There's another technical issue with the Shuttle. If you're on the V-bar, co-altitude, because of the orientation of the attitude control jets on the Shuttle, it's always causing you to get closer to the target. If you do nothing, you will eventually get closer and closer and impact, and, in fact, these were the two biggest vehicles that we'd ever rendezvoused in space before. Mike Foale, one time in a meeting when he was bored, on the ground, figured out that with the mass of the two vehicles, he figured out the gravitational attraction between the two, and if we were co-speed and did nothing, we would hit within three hours because of the gravity that was sucking us in.

Now, don't get me wrong, that's a very small effect when you're talking about the drag effect on the orbiter and the attitude controls jets, etc. But, nevertheless, the vehicles always want to close on each other, and we had to physically make inputs to the flight control system to keep the vehicles separate.

We were only supposed to stay there for ten minutes at the closest point of approach, so we checked out the handling quality of the vehicle and the systems and everything was working pretty well, and we came in to right about our exact distance of a little bit greater than 33 feet. The closest point of approach between structure was 33 feet. The number that was reported in the press was 37 feet, because that was the distance between the laser system and the target on Mir. You had to triangulate, and that's the longer hypotenuse of the triangle. Not that that matters, it was just interesting to see that when we came back it was reported, and still is reported these days, as 37 feet, but it really was 33 feet and not one centimeter closer. We did not get a single inch closer to Mir.

Then we backed away, because now I knew I wanted to give this little speech, and it was going to take my attention away from the distance for a couple minutes, a minute or two, and I didn't want to close in there, so I backed it away four or five feet, and stopped it and got all ready to give this little speech. By this time, there's no cameras on us, because I think we just didn't have the radar coverage or something. Mir was blocking or something. So I knew no one was going to be watching me, it was just an audio message, so I was able to cheat and read, just simply read the thing from my cue card, first in English and then in Russian.

As I got ready to read, you know, and I kept asking the crew, "Are they ready? Are they ready?" and the crew is doing what they do best, which is watching the technical side of things, and they don't care about the political speech I'm going to make. I kept saying, "Are they ready?" and they kept looking at me like, "What is he asking us this for?" and I finally said, "All right. Here I go. I'm going to start giving the speech now."
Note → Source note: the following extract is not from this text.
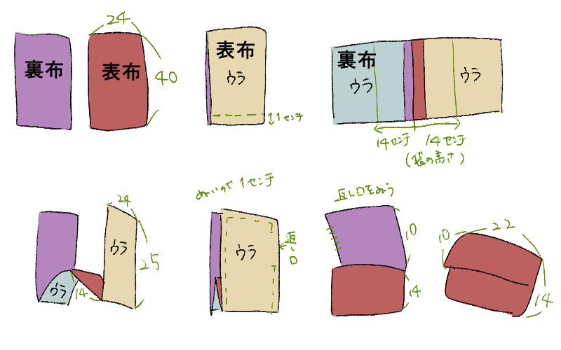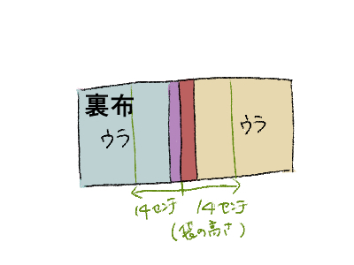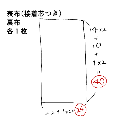 は袋部分と蓋部分の長さを足した上に、両端の縫い代を足した40センチ

I keyed the mike and I started talking and just then the capcom, Story Musgrave, started saying something to us. Because of the two-second delay, he didn't realize that I was giving the speech. But I just kept it keyed and kept talking, and then he quickly figured out that I was giving the speech and so he got quiet. I read it first in English, and I was about halfway through the Russian when I hear, from the back, Mike Foale saying, "Back up! Back up!" Because we were starting to get close again and we were approaching the limit. We didn't exceed it, but as I was reading this speech in fact, I can't even remember. We'll have to ask him. He may have come around and made one input. I don't remember. Or I keyed it and held the book in one hand and made a couple of inputs while giving the speech.

A couple of things I always think about giving that speech. The first is, you know, approaching the vehicle, you're so focused on doing the technical, the test pilot things, evaluating the systems and the handling qualities, but you are just blown away by the sight that you're seeing of that huge, giant Space Station out the window. Ever since I was ten years old and wanted to be an astronaut, I've been watching these science fiction movies of these spaceships that come up next to a big, giant space station, and all of those thoughts came back to me, you know. So you're trying to get that stuff out of your mind because you have a job to do, a technical job to do, but I kept thinking how beautiful the sight looked, how exciting it was to have two countries, and you're helping to bring them closer together, and all that stuff, and yet you're trying to keep that out of your mind, but you can't because it's so awesome-looking, the view out the window. Mir looked so brilliant and white and bright, when you're not looking through the attenuating effects of the atmosphere. Really amazing.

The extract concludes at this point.